Let me explain; it wasn’t that I forgot how to read. Instead, it was as if I could now see every letter, every word, and every sentence, in motion, with multiple possibilities where only a tiny spin or movement in position and order changed the entire meaning of the text in front of me. Adding to that, my eyes no longer moved properly, so when I could finally pin the letters to the page in my mind, I still could not track them effectively. With this as only one of many changes in my brain, I began to view the world from a different mind and as I did that, I saw children and the unusual patterns they presented differently too. This led to three questions (1) What if there really are big differences between us in our most basic aspects of intelligence; (2) What if these differences are essentially unaccounted for within our definitions of education and learning?; and finally (3) Do individuals who really think differently require a different way to learn and a different definition about basic curriculum and testing to bring them into adulthood?
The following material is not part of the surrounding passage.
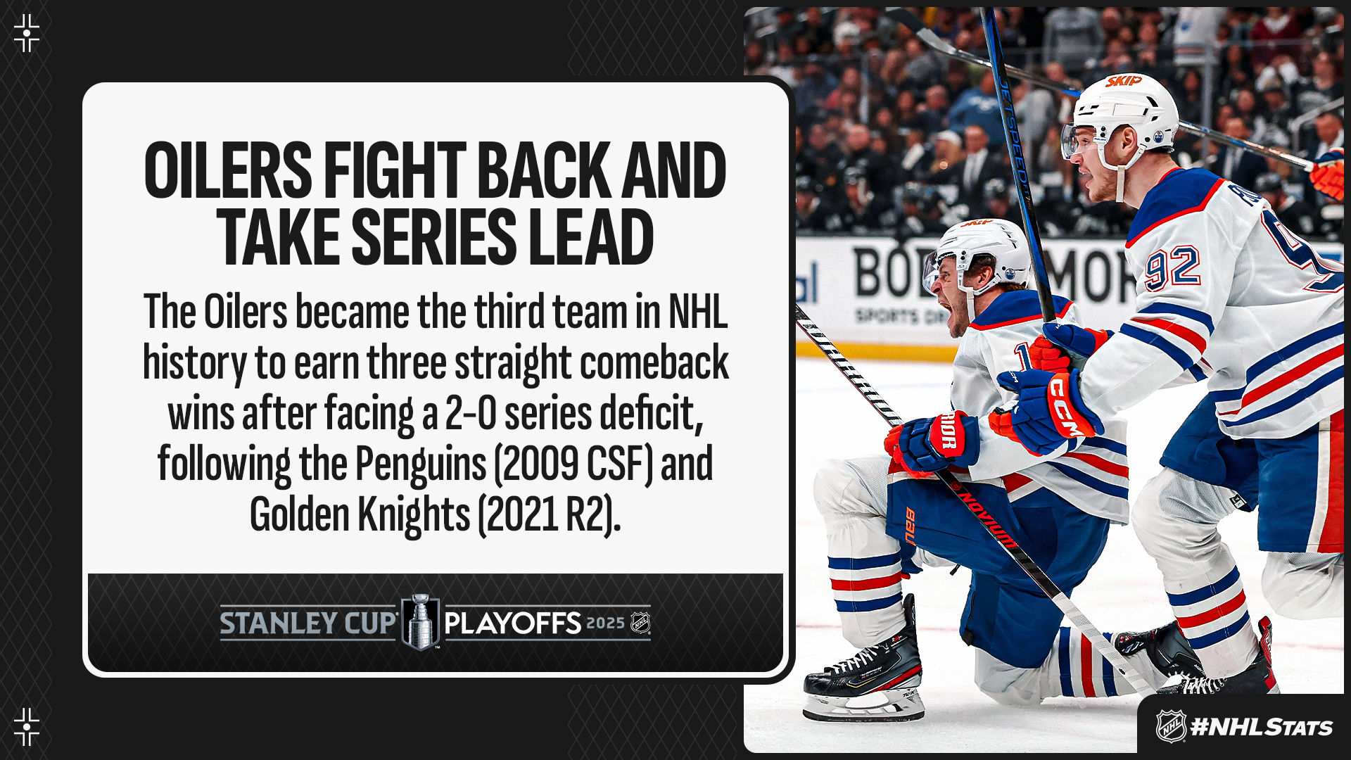 * After surrendering the first goal of the game, Edmonton’s Evander Kane, Mattias Janmark and Ryan Nugent-Hopkins each found the back of the net to guide the Oilers to a 3-1 win and a 3-2 series advantage – their first lead of the First Round. Edmonton won three straight comeback games in a postseason for the first time in franchise history and became the first team to achieve the feat since Vegas in 2023 (4 GP).

Today we live in a very different world than we did when I was growing up. Our advances in many fields have modernized the job market in ways that no one could have predicted. This has led to a unique set of circumstances occurring for our young adults – many, even those that were deemed intelligent and good at school lack the necessary skills to join the workforce. At this same time, however, industries are calling for a workforce that can think outside of the box and arrive at novel conclusions especially within fields that are heavily steeped in visual and spatial problem-solving. However, in school, we don’t really teach spatial skills. In fact, in my opinion, we don’t even recognize some of the visual, spatial, and perceptual strengths that drive innovation in so many of these fields.
Therefore, if education doesn’t prepare children to understand their world and enter the workplace of today, what is its purpose? It seems to me that, perhaps for the first time in our human history, at least part of what we are teaching to our children, might not readily apply to adult functioning. So how do we solve this? A friend with autism answered this best:
“there needs to be a distinction between our definitions for intelligence and those for wisdom or discernment. While we need some degree of both, discernment is the byproduct of applied intelligence to the task of independent thinking and successful adaptation to the world in which one lives."
With this, I personally feel like it is the right time to re-open discussions about what exactly intelligence and cognition actually are. As we do this, I believe we will be forced to re-think the very construct beneath cognition and learning and work to redesign a model of education that works for all children. Many will say this is too great of a challenge and the existing system is too entrenched within our modern-day world. I would argue that even from the perspective of global sustainability, not to mention the value of the individual child, the cost of lost talent in any child is far too great to overlook. Therefore, rethinking intelligence, expanding our definitions about cognition, and truly individualizing learning for all of the different skills that can be made manifest within human cognition is, in my opinion, necessary to our very survival. It’s time we talk about intelligence again.